Israel’s siege on Gaza essentially consists of one thing – surrounding the territory and controlling all exit and entry points. Logically, to break the siege you enter or exit the territory against Israel’s will. Exiting without permission is not an option, so on came the boats...

 

In theory it’s a simple, perhaps even genius idea. It started shortly after the siege began – back then Israel sporadically let in small boats carrying aid. Israel let them in because they had more to lose by stopping them than by allowing through a few lefty activists (and the odd politician) carrying a gratuitous amount of aid.

 

But the boats got bigger, and so too did the problem. Israel then decided the ships were a “security risk” and began intercepting them at sea to prevent them docking in Gaza. For many within the Israeli military, the mistake was made years ago when the boats were first allowed in – had they been stopped from the start, perhaps the blockade-busting boat idea would not have taken off and they wouldn’t be in the mess they’re in now.

 

Flotilla intifada

 

What happened onboard the Mavi Marmara on May 31 was nothing short of disastrous for Israel – it’s public image got a battering and its illogical policy of blocking food and supplies to people in Gaza was exposed. What was onboard that ship – wheelchairs and children’s books- revealed just how nonsensical and downright cruel the blockade was. Even Israel’s masters of spin struggled to explain why notepads were a security risk to the state.

 

The Foreign Ministry has been busy doing damage control from the botched flotilla raid. It’s almost there, but it's made very clear to the security establishment another boat blunder will throw away all its efforts. That puts the military in a bit of a predicament, because riding on the tail winds of the Mavi Marmara, is a summer boat (and convoy) intifada.

 

Following the raid on the flotilla, new aid convoys are already in the works. The European Campaign to End the Siege of Gaza is organising a "Freedom Flotilla 2", due to set sail for Gaza next month. It’s said to consist of more ships than the first one and as many as 4,000 activists. An aid ship from Lebanon has been much delayed but organisers are still adament to get to Gaza. A Jordanian overland convoy also began its journey to the Strip this week.

 

What a difference a boat makes….

 

But apart from calling attention to the plight of Gazans, and making us all sudden maritime experts able to track down every ship in the Mediterranean with the click of a button – what difference will more ships make? In the weeks that followed the deadly raid on the Mavi Marmara, Israel announced it was “easing” the Gaza siege. What that actually meant was they were increasing the amount of food and supplies being let into the Strip via the land crossings they control and clarifying their policy on what is allowed in.

 

As the situation in Gaza is so desperate, even that was seen as quite an achievement.

 

But it’s worth considering it was a move in the works well before the Mavi Marmara set sail. Many months ago the Egyptians began building an underground wall that will effectively cut off the smuggling tunnels that run between Gaza and Egypt.

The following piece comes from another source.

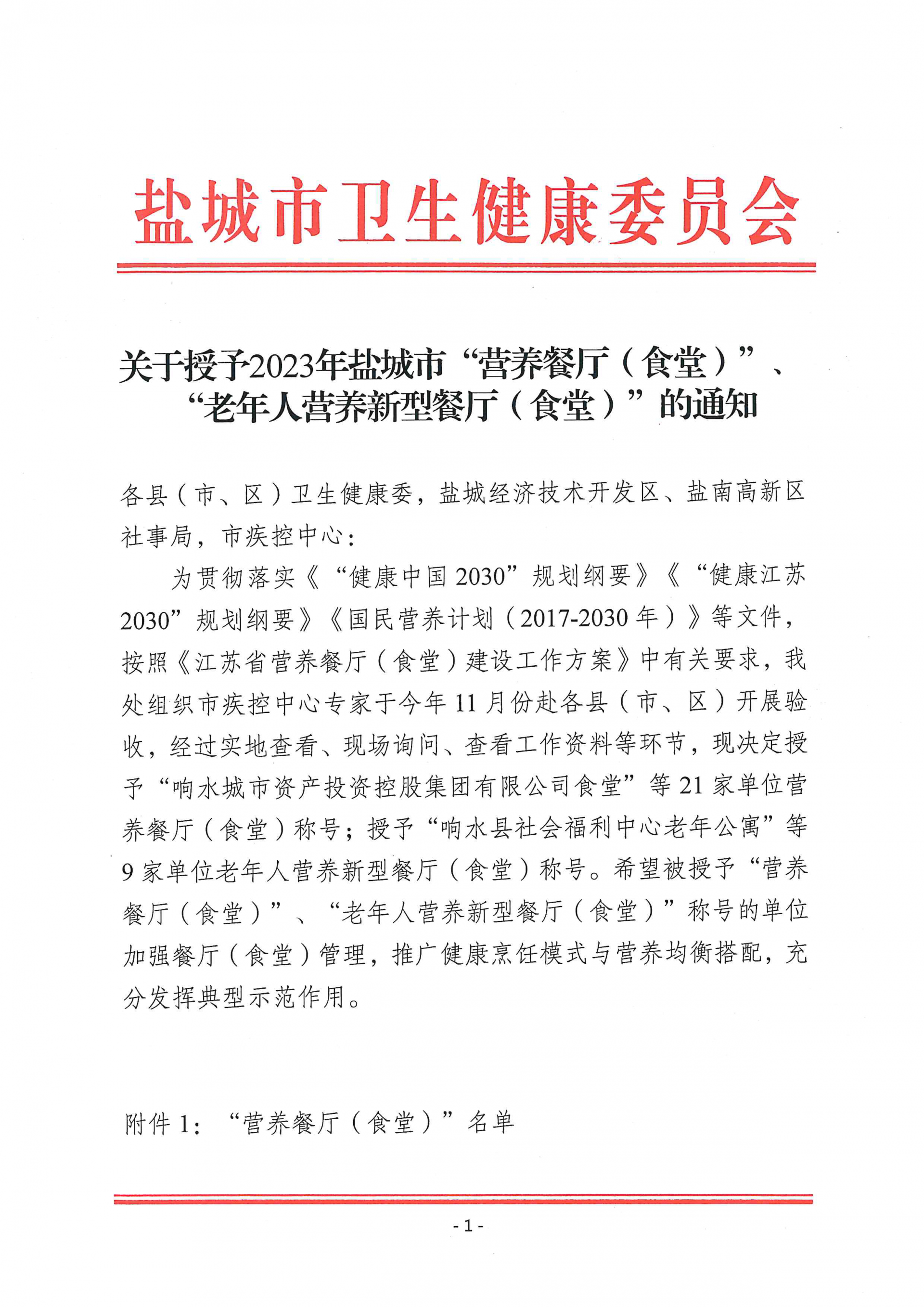 近日,市衛(wèi)生健康委員會(huì)印發(fā)《關(guān)于授子2023年鹽城市“營(yíng)養(yǎng)餐廳(食堂)”“老年人營(yíng)養(yǎng)新型餐廳(食堂)”的通知》,鹽城市海興集團(tuán)食堂被授予“營(yíng)養(yǎng)餐廳(食堂)”榮譽(yù)稱號(hào)。2023-12-19 -

If that wall was completed before the “ease” it would, quite simply, have starved Gaza. People there rely almost solely on the tunnels not just for food and cigaretters but for fuel, generators and other essentials. Israel was not going to allow 1.7 million people to starve on live TV. In short, something had to give before the wall was completed.

 

Consider too that one of the “gestures” the US was reportedly pressuring Israel to make to entice the Palestinian Authority to indirect peace talks (which the PA eventually agreed to in an apparent U-turn) was an easing of the Gaza siege. I’m not saying the flotilla had no impact on the decision to ease the siege, but it may have been more of a catalyst than an instigator.

 

Ship vs siege: Fair fight?

 

The real success of the flotilla should be seen within a wider context. It has become the beacon of a non-violent form of resisting Israel’s occupation that is making huge strides.

 

The current boycott movement in the West Bank is attracting attention – it’s an embarrassment for Israel casting a shadow over the democratic, moral state it purports to be with many comparing this boycott to the divestment policy against South Africa during apartheid in the 1980s.

 

Events onboard the Marmara ended in bloodshed and violence but the theory behind the flotilla was logical and peaceful. Israel is a highly militarized state. Dealing with violence is what it knows how to do best. An Israeli soldier confronted by a man holding a gun moving towards him knows exactly what to do. But swap that gun for a banner saying ‘Free Gaza’ and the soldier will panic. He was trained for combat not crowd control.

 

And that’s why whether it’s a ship, a boat, a truck or a plane, both the success and the danger of this movement lies in the way it plays so simply to Israel’s weakest point.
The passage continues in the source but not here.